I sold a few Won Park koi at last weekend's Cherry Blossom Festival. I didn't expect them to sell, but I sold out of what I had stocked (and had one stolen off the table, inside a coke container!). I felt they were expensive to buy (for a regular joe who thinks of paperfolding as "kid's craft" and nothing more), even though from a labor and artist perspective, I sold them on the cheap. Talking with Won after the Festival, I decided to follow his recommendations, which I have been reluctant to do for the sake of "purity"; and that is, to apply a bit of cement (from a gluestick) underneath the scales and the head. I am now sold on the results. I think there is more permanence on the model holding its shape over time and under humid and cold weather; which makes me feel better about people buying them from me. I dip the end of a twist tie (Won uses a toothpick, but I have none in the home) in the gluestick, then spackle it under the scales up top, and inside, underneath, as well as on the crimp in the head. It's well worth the efforts.
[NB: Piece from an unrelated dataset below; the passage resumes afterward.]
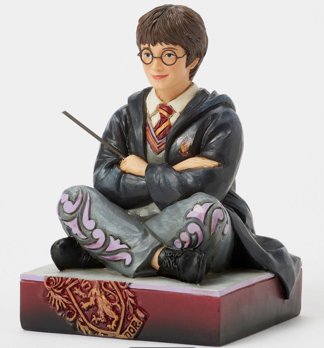 This striking Jim Shore effigy showcases Harry Potter seated on the floor in his school robes, with his wand ready in hand. His determined expression captures his heroic spirit, while the intricate folk art details bring his character to life.

One of the biggest problems Won sees in how people are folding his koi, is in rounding out the model. Especially the head. The crimps help; but the fins should probably be folded back sharply, then the two edges bent and rounded together, as if one were going to close the bottom. Of course it won't close together (nor do you really want it to); but it will help round out the shape.
Really, I think the videos show this quite sufficiently well for all the complaints on them not being a tutorial.